香盤表の仕事はひとつだけです。適切な人を、適切な場所に、適切な機材とともに、適切な時刻に届けること。そしてこの仕事は日常的に失敗します。情報が間違っているからではなく、書類が読めないからです。スタッフは肝心な一行を読み飛ばしていきます。
読み飛ばされる香盤表と、実際に読まれる香盤表を分けるものを見ていきます。
ほとんどの人が読むのは上三分の一だけ
全員がページの上を読み、誰も下を読まないと考えてください。皮肉ではなく、香盤表とは実際そう使われるものです。朝5時、半分寝たまま、番号ひとつと住所ひとつを探して目を走らせる。上に間違ったものを置き、下に肝心なものを置けば、その書類は一日が始まる前に失敗しています。
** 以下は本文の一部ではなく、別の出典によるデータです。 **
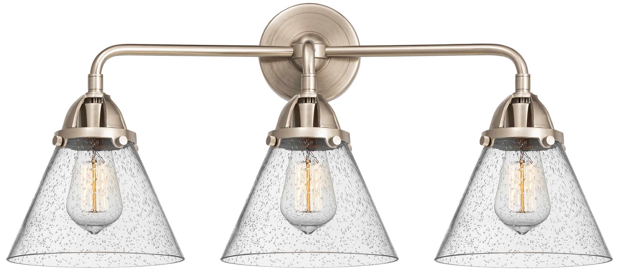 Nouveau 2 Cone 8" 3 Light 26" LED Bath Light - Brushed Satin Nick
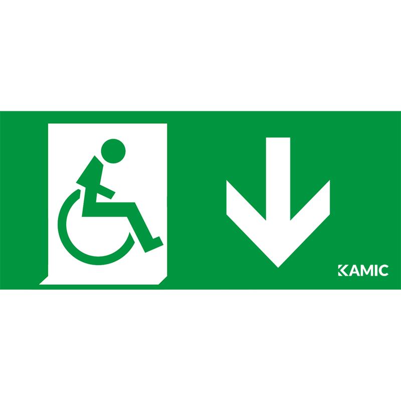 Piktogram med rullstolssymbol för hänvisning med pil ner. Läsavstånd 40 m.

上三分の一に必要なのは、日付、スタッフ全体の集合時刻、住所を省略しない撮影場所、駐車の案内、そしてその日の最初のショットです。天候が効いてくるなら、たとえばロケや、時間の限られた夜間撮影なら、それもここに入ります。それ以外はすべて下で構いません。
全体の集合時刻ではなく、個別の入り時間を
数人を超える規模の現場で「スタッフ集合7時」の一行だけというのは、ほぼ役に立ちません。ヘアメイクと照明・撮影助手が同じ時刻に入る必要はないし、朝一のシーンに出る俳優と、午後まで出番のない俳優の入り時間は違います。
入り時間は部署ごとに、キャストについては個人ごとに書いてください。これには二つの効果があります。必要になるまでの一時間、十五人が立ち尽くすのを防ぐこと。そしてもうひとつ、誰かの入り時間が間違っていればすぐ目に見えることです。時刻が名前に紐づいているので、ブロックのなかに埋もれません。
脚本順ではなく、撮影順
香盤表のシーン一覧はその日の撮影順であって、脚本に出てくる順とは往々にして違います。これは香盤表でいちばんよくある混乱の元なので、みんな分かっているだろうと考えず、一覧の頭に明記する価値があります。
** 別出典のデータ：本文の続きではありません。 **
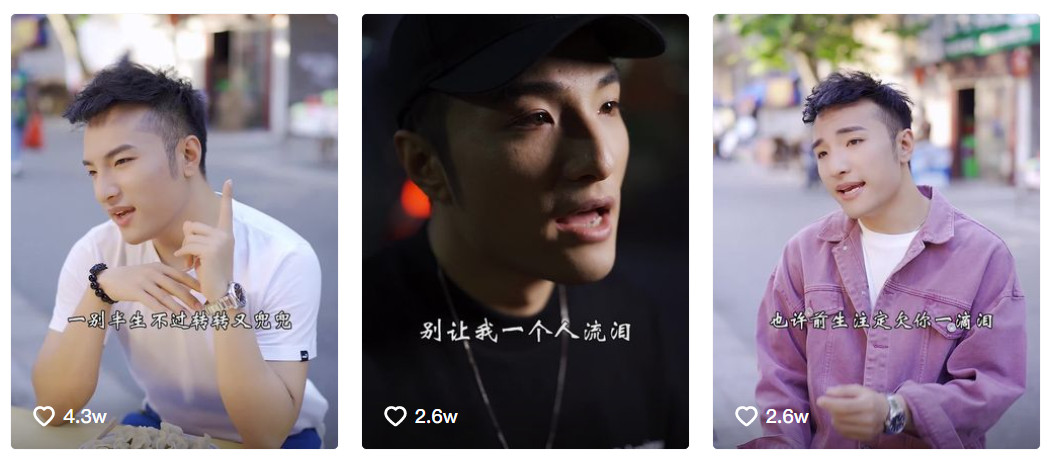 你很难想象,曾经留着一头清爽短发,身材健壮的帅气小伙,如今会是视频中这副模样——梳着油腻的二八分油头,脸上擦满了白色粉底,在镜头面前露出略显猥琐的微笑,同时扭动自己的盆骨,一边唱歌一边原地转动方向,摆出“人类高质量男性”的姿势。

各シーンの行に必要なのは、シーン番号、内景・外景と昼夜、一行の内容、ページ数、そして出演するキャストです。この一覧を読んだ助監督は、その日の予定が現実的かどうかを一目で判断できるべきですし、衣装部は、どの俳優が何時までにどの衣装でいるべきかが正確に分かるべきです。
本当に必要になる連絡先
すべての電話番号が香盤表に載るべきではありませんが、必要なものは見つけやすくなければいけません。制作事務所、チーフ助監督、ロケーションマネージャー、そして緊急時の担当者。最寄りの病院があるなら、それは末尾の付け足しではなくここに入ります。
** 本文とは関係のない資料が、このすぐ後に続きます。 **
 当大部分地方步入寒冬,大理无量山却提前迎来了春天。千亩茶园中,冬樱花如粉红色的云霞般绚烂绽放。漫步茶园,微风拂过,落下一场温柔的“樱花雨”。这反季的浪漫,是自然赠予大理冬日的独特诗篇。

この欄は小さくて地味ですが、実際に切迫した状況で人が探すのはここです。だからスクロールしないと見つからない場所にあってはいけません。
香盤表に載せないもの
すべてを伝えようとする香盤表は、何ひとつうまく伝えられません。キャラクターの背景、部署固有の技術メモ、長文のスタッフ連絡。これらには別の居場所があります。香盤表は一日分の運用書類であって、制作バイブルではありません。二文を超えるメモは、たぶん項目ではなくメールです。
すでにあるものから生成する
毎日ゼロから作る香盤表は、スケジュールとシーン分解にすでにある情報を写しているだけです。どのシーンを撮るのか、どのキャストとロケーションが関わるのか、どの順番なのか。それを手で打ち直すところにミスが入り込みます。撮影スケジュールと合わないシーン番号、あとから追加されたシーンに出ていることを誰かが忘れて一覧から漏れたキャスト。
plotwellでは、香盤表はその日の予定シーンとその分解データから直接引いてきます。キャスト、ロケーション、シーン順は、香盤(ストリップボード)が使っているのと同じ出どころから来るので、二つの書類が知らないうちに食い違うことがありません。部署ごとの入り時間と連絡先を一度入れておけば、スケジュールが変わるたびに香盤表は正しく作り直されます。撮影日の前夜に手で組み直す必要はありません。
いちばん良い香盤表とは、誰も二度考えずに済むものです。上に必要なものがあり、自分の入り時間が合っていて、最初のシーンがどれかが合っている。それだけです。